What is needed: Going down the listing below, print exactly each line from the one with "17일 오후 2시 17분" up to and including the one with "图 4 - 1 - 3 为我国部分农产品优势产区布局示意图,据此完成 6~7 题。", and skip the rest.

Input material:
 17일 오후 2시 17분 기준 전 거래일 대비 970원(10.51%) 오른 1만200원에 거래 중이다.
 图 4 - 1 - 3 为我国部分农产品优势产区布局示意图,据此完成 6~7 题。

==

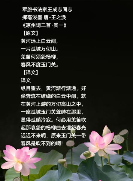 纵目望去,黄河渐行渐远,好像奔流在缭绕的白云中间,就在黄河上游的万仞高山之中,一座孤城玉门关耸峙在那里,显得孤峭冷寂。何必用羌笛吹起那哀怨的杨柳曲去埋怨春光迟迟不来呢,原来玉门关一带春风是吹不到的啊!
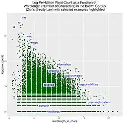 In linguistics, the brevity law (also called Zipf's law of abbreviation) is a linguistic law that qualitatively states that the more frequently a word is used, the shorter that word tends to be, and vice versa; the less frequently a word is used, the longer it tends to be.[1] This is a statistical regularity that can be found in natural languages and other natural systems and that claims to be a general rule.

...

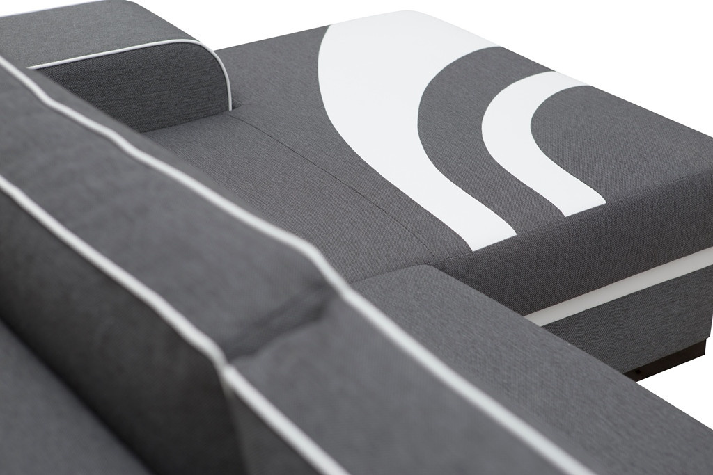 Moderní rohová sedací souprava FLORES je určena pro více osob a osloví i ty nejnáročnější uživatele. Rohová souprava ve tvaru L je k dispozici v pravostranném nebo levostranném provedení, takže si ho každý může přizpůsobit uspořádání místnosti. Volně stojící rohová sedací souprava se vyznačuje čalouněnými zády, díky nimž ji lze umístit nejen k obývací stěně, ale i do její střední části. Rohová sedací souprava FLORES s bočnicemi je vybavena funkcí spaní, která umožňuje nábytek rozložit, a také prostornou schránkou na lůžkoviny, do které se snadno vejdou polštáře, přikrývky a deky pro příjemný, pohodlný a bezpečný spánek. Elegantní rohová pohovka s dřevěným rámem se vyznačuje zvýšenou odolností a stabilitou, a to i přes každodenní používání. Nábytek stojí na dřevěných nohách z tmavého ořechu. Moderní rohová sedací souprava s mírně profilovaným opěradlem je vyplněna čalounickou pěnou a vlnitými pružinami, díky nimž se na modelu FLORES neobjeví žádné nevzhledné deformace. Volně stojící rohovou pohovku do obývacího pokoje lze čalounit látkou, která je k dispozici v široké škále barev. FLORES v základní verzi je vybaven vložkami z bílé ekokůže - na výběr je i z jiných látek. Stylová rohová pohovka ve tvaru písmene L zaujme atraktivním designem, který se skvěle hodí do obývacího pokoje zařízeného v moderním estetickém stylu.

Answer box:
 17일 오후 2시 17분 기준 전 거래일 대비 970원(10.51%) 오른 1만200원에 거래 중이다.
 图 4 - 1 - 3 为我国部分农产品优势产区布局示意图,据此完成 6~7 题。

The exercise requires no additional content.